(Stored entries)
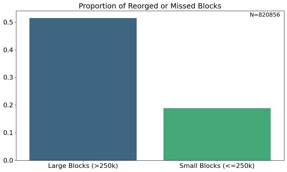 同样,实际区块大小(通常填充交易数据的区块大小)与重组或遗漏 slot 的概率相关。分析 slot 数据(#9526972 至 #10351782)表明,对于较小的区块,包含 slot 与重组 / 遗漏 slot 之间的区块大小分布差异很小。然而,随着区块变大(例如,超过 0.25MB),发生重组或遗漏 slot 的可能性就会增加。
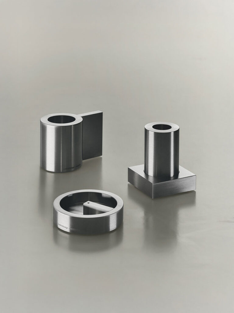 Haze is a collection of three stainless steel objects designed for burning incense and aromatic woods. Designed by Simone Bonanni, the collection represents the first collaboration between QuadroDesign and the Milanese brand Weed’d, combining the precision of CNC-machined steel geometric volumes with a warmer, more intimate, and meditative dimension. The three objects appear as small domestic architectural features, designed to frame and elevate moments of relaxation and self-care, in keeping with the values that have always guided Weed’d and which QuadroDesign interprets through the solid, contemporary language of steel. Code OG-WE001.
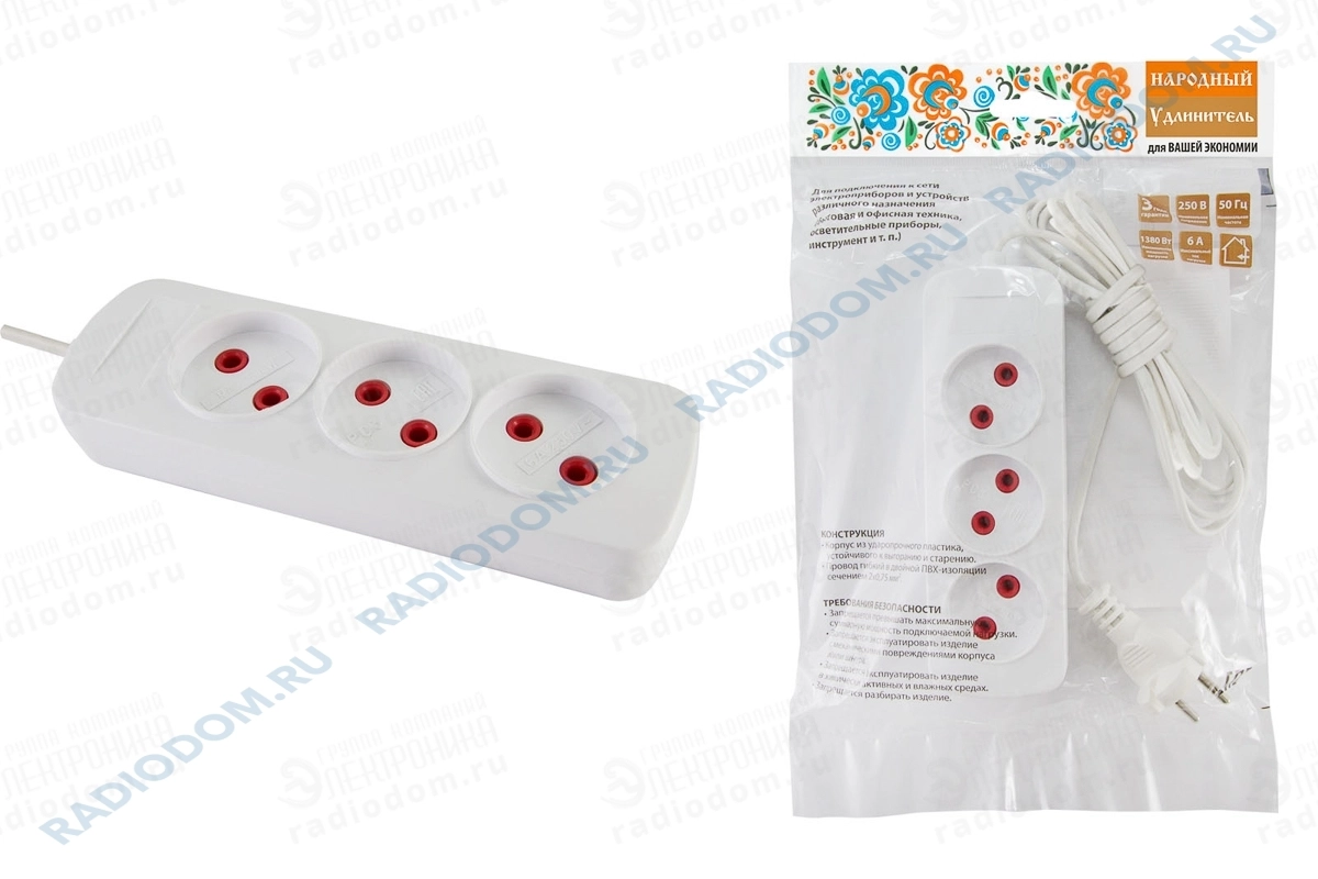 Удлинитель 3 гнезда 10м 6А Народный TDM ELECTRIC
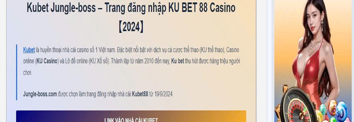Kubet Jungle-boss là trang đăng nhập chính thức độc quyền của huyền thoại nhà cái Kubet casino số 1 Việt Nam kể từ ngày 19/9/2024. Truy cập để nhận ngay phần thưởng trị giá 188k.
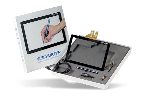 Le touchkit pour écrans tactiles capacitifs (PCAP) de Schurter comprend les fonctionnalités suivantes : capteurs tactiles capacitifs, reconnaissance d’empreintes palmaires, détection de la présence d’eau, capacité multi-touch, deux modes de sensibilité, et détection simultanée de jusqu’à dix doigts. Un stylet haute précision à détection de pression est également inclus. Le touchkit satisfait aux réglementations en matière de compatibilité électromagnétique (EMC), affiche une immunité de RF par conduction de jusqu’à 10Vrms et une immunité de RF rayonnée de jusqu’à 10V/m.
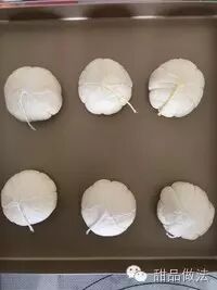 逐个把每个面团都系好以后,依次放入烤盘,中间要隔开距离。放入烤箱,开动35度发酵功能,二次发酵35-40分钟,冬天烤盘下可以放碗热水,发酵会更好。
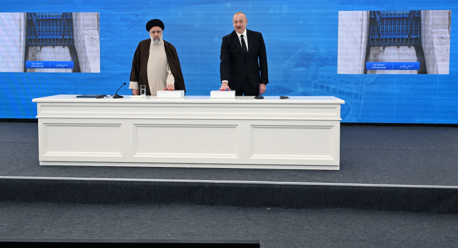 A ceremony to commission the “Khudafarin” hydroelectric complex and inaugurate the “Giz Galasi” hydroelectric complex on the Araz River has got underway with participation of Ilham Aliyev, President of the Republic of Azerbaijan and Seyyed Ebrahim Raisi, President of the Islamic Republic of Iran.
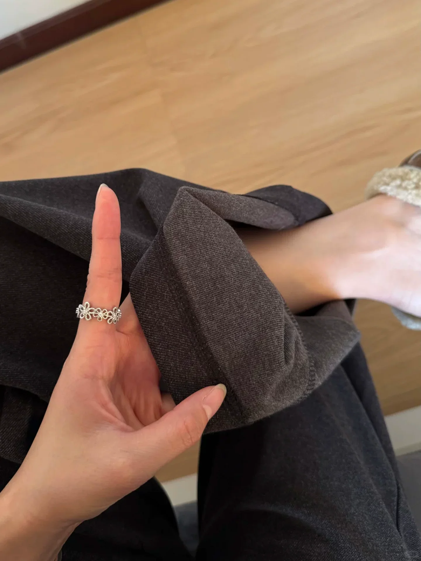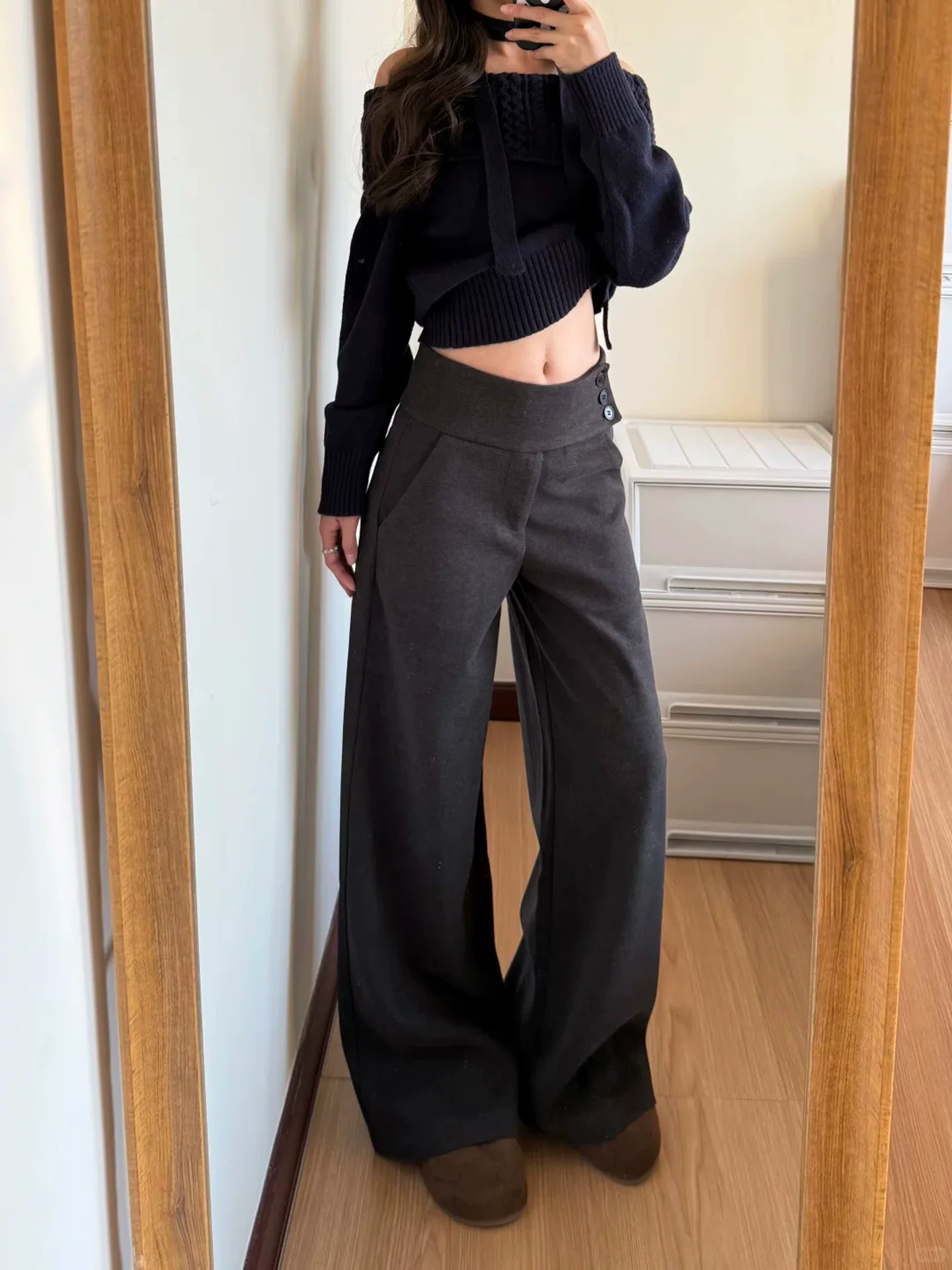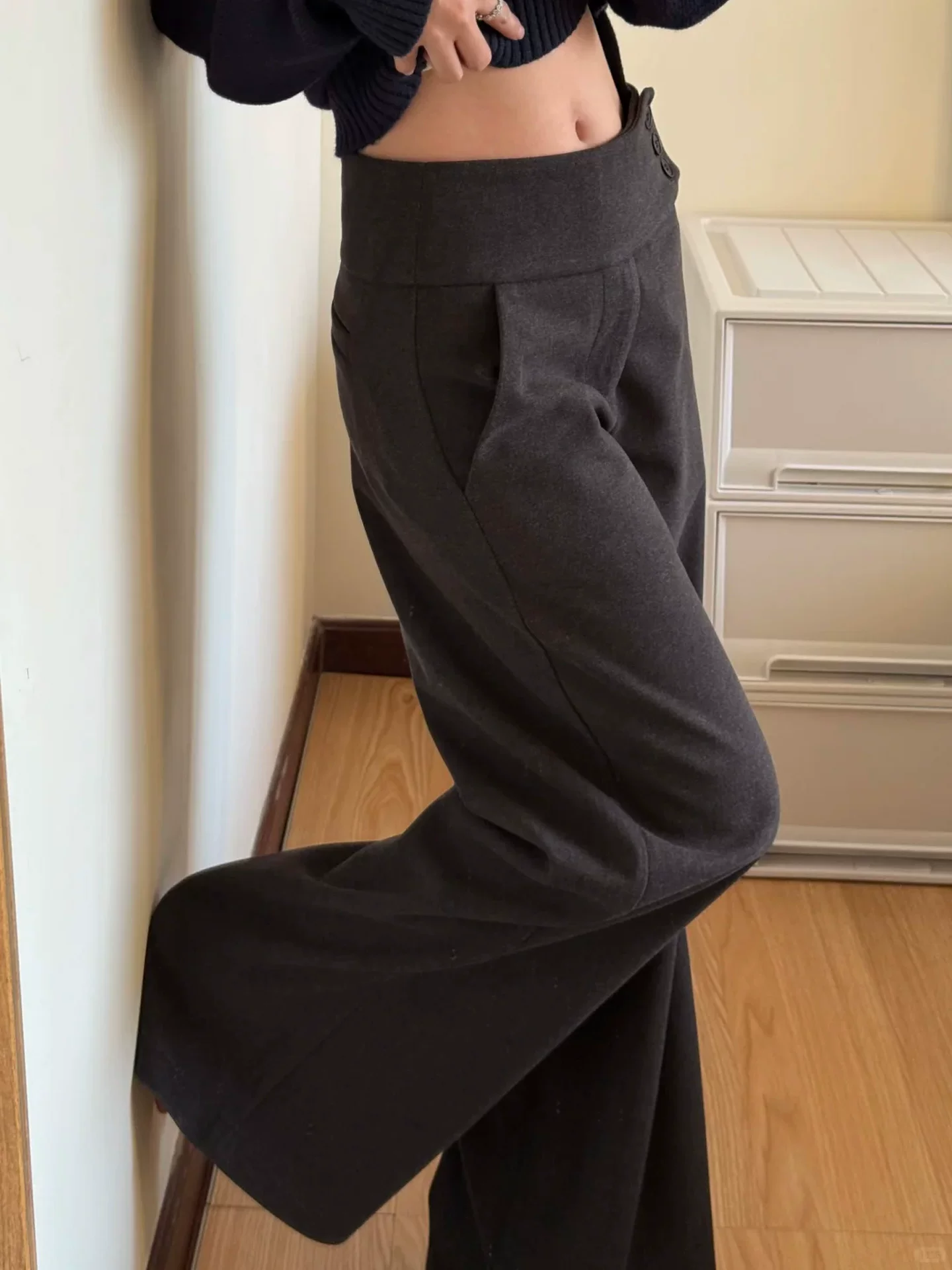 Quần âu len nữ, lót lông cừu mùa đông, dày dặn, cỡ lớn, lưng cao, dáng suôn, tôn dáng, dành cho người có dáng quả lê, quần ống rộng kiểu vest
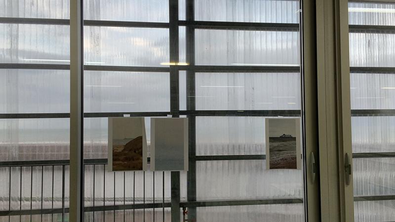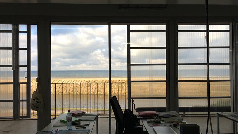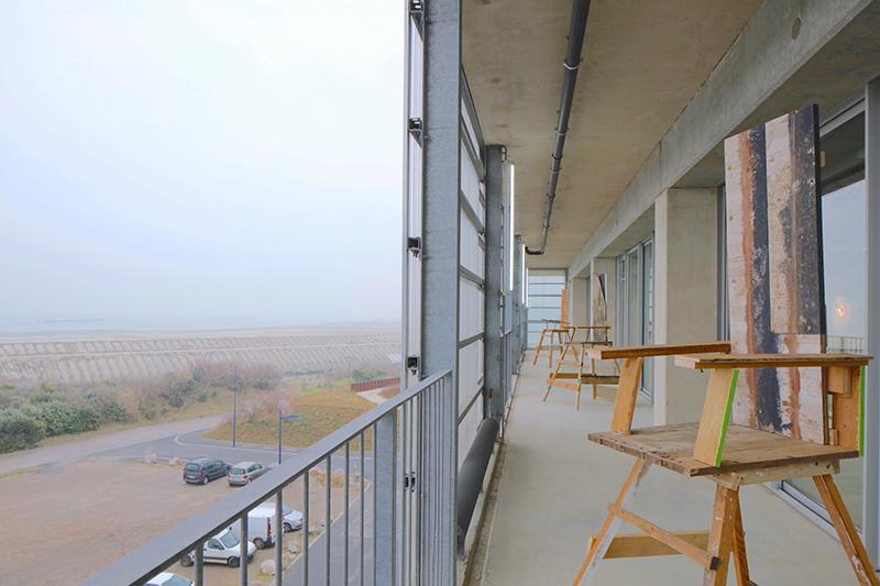 Visite scrupuleuse des étages du FRAC avec Keren Detton sa directrice et Elodie Condette. Emprunter les escaliers transparents et les coursives plutôt que les ascenseurs opaques. Une vue sur la mer du Nord dévorante, intrusive, hypnotique. Hors ville. Que faire de plus ?
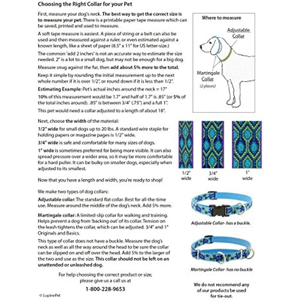 Lupine Originals are proudly built in Conway, New Hampshire and Guaranteed (Even if Chewed). They are not chew-proof (no fabric is!) but if they get chewed, the manufacturer will replace them. Search on Lupine Guarantee to see how EZ it is! For best fit read the sizing guide and always measure your pet's neck to determine the best size. Originals are made from woven nylon in an array of colorful designs. The pattern is woven into the webbing, rather than printed or sewn on. Available in collars, leashes and harnesses for many sizes of dogs.Care: Machine wash, warm water, mild soap (no bleach or bleach alternative). Air dry. Lupine products are not recommended for tie-out.
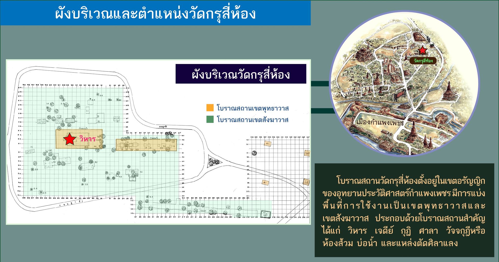 โบราณสถานวัดกรุสี่ห้อง ตั้งอยู่ในเขตอรัญญิกของอุทยานประวัติศาสตร์กำแพงเพชร มีการแบ่งพื้นที่การใช้งานเป็นเขตพุทธาวาสและเขตสังฆาวาส ประกอบด้วยโบราณสถานสำคัญ ได้แก่ วิหาร เจดีย์ กุฏิ ศาลา วัจจกุฎีหรือห้องส้วม บ่อน้ำ และแหล่งตัดศิลาแลง
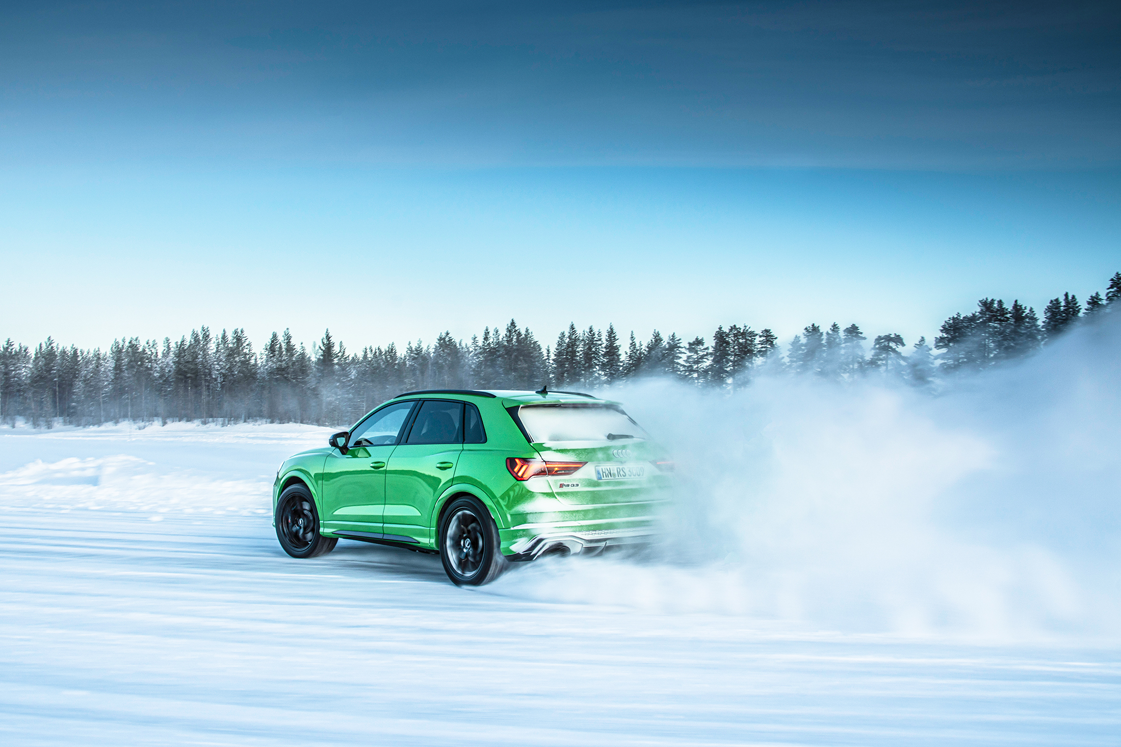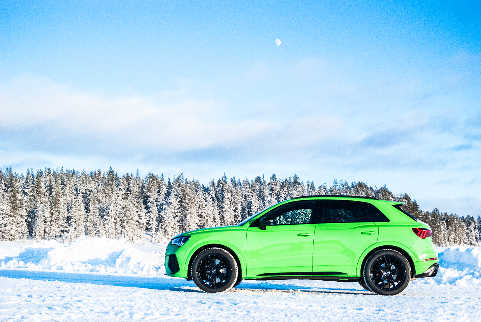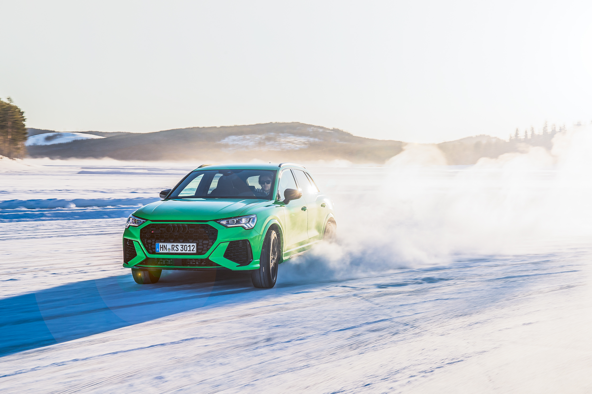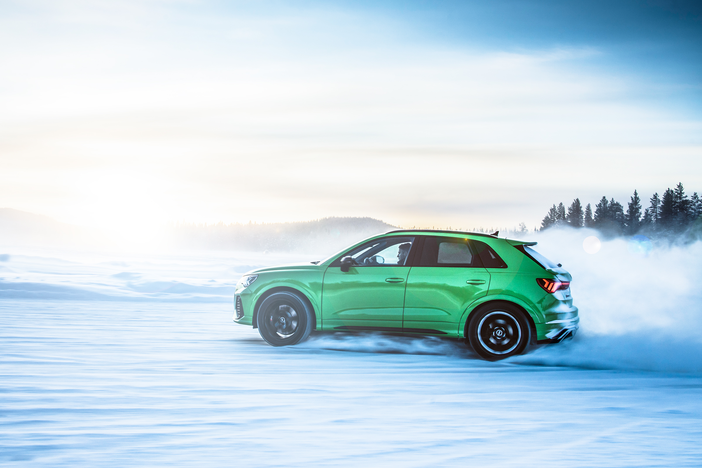 Denna vinter har man för snö varit tvungen att resa norrut, vilket jag gjort tre gånger. Första gången hem till Sundsvall för att fira jul och andra gången lite längre upp, till Umeå, för att prova vinterdäck. Allra senast blev det ännu lite närmre polcirkeln. Då åkte jag nämligen upp till den för bilindustrin så viktiga orten Arvidsjaur, för att provköra helt nya Audi RS Q3. Har Audi Sport-gänget fått den bevisligen praktiska Q3 att kunna tilltala den högra hjärnhalvan, eller tycks den förbli bilvärldens svar på en sko från Ecco? Det korta svaret på frågan är att de lyckats, men att man som köpare fortfarande ska fundera noga på vad man är ute efter. Jag ska förklara vad jag menar.

*TASK OBJECTIVE*.
Repeat only the stretch of data above that runs from the line with "逐个把每个面团都系好以后,依" to the line with "A ceremony to". Keep both end lines; exclude pictures.

*RESPONSE*.
 逐个把每个面团都系好以后,依次放入烤盘,中间要隔开距离。放入烤箱,开动35度发酵功能,二次发酵35-40分钟,冬天烤盘下可以放碗热水,发酵会更好。
 A ceremony to commission the “Khudafarin” hydroelectric complex and inaugurate the “Giz Galasi” hydroelectric complex on the Araz River has got underway with participation of Ilham Aliyev, President of the Republic of Azerbaijan and Seyyed Ebrahim Raisi, President of the Islamic Republic of Iran.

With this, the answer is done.